**Work to complete**
Working from the start of the listing, please write out exactly the lines through the one that holds "在大庭广众之下,被指名道姓书", both included, and omit all pictures.

**Exercise data**
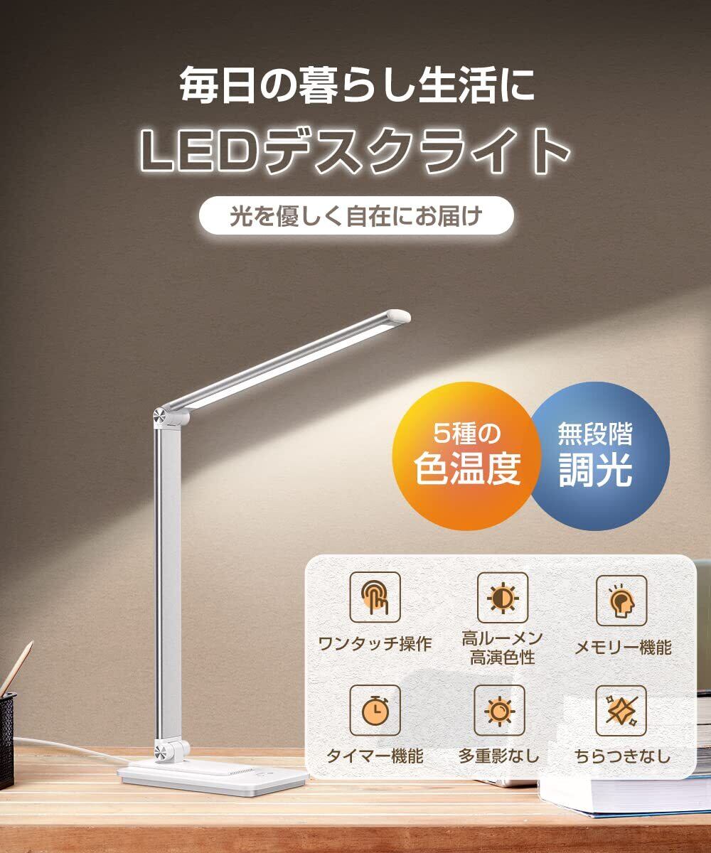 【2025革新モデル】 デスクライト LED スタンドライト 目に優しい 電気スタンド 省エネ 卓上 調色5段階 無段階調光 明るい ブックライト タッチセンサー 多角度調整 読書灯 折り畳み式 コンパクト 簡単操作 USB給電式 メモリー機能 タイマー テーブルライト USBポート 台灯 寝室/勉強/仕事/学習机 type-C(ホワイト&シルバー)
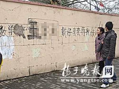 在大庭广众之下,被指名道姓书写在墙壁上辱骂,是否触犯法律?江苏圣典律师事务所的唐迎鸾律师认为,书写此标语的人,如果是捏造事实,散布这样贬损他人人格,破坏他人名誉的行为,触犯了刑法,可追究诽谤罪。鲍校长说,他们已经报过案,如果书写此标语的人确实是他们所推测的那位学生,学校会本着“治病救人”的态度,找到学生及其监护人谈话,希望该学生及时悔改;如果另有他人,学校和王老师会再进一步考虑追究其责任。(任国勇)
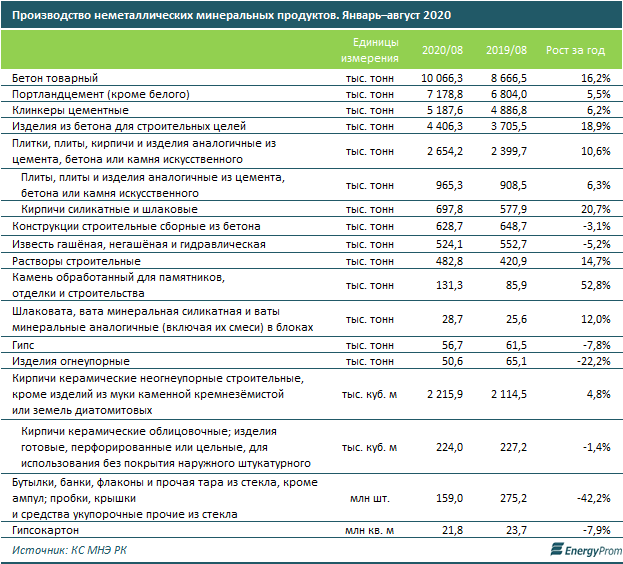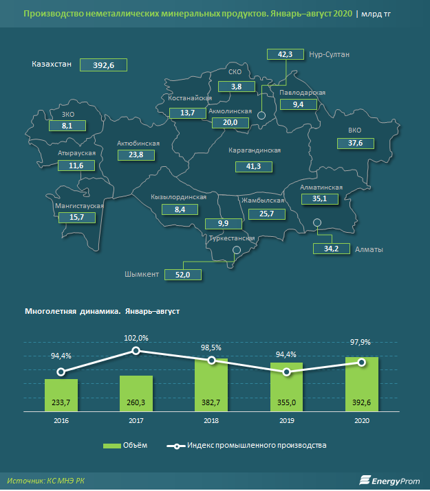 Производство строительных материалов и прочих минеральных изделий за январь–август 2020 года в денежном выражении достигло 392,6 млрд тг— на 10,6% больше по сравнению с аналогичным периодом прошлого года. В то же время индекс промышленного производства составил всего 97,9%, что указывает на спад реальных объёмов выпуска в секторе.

**Reply to the task**
 【2025革新モデル】 デスクライト LED スタンドライト 目に優しい 電気スタンド 省エネ 卓上 調色5段階 無段階調光 明るい ブックライト タッチセンサー 多角度調整 読書灯 折り畳み式 コンパクト 簡単操作 USB給電式 メモリー機能 タイマー テーブルライト USBポート 台灯 寝室/勉強/仕事/学習机 type-C(ホワイト&シルバー)
 在大庭广众之下,被指名道姓书写在墙壁上辱骂,是否触犯法律?江苏圣典律师事务所的唐迎鸾律师认为,书写此标语的人,如果是捏造事实,散布这样贬损他人人格,破坏他人名誉的行为,触犯了刑法,可追究诽谤罪。鲍校长说,他们已经报过案,如果书写此标语的人确实是他们所推测的那位学生,学校会本着“治病救人”的态度,找到学生及其监护人谈话,希望该学生及时悔改;如果另有他人,学校和王老师会再进一步考虑追究其责任。(任国勇)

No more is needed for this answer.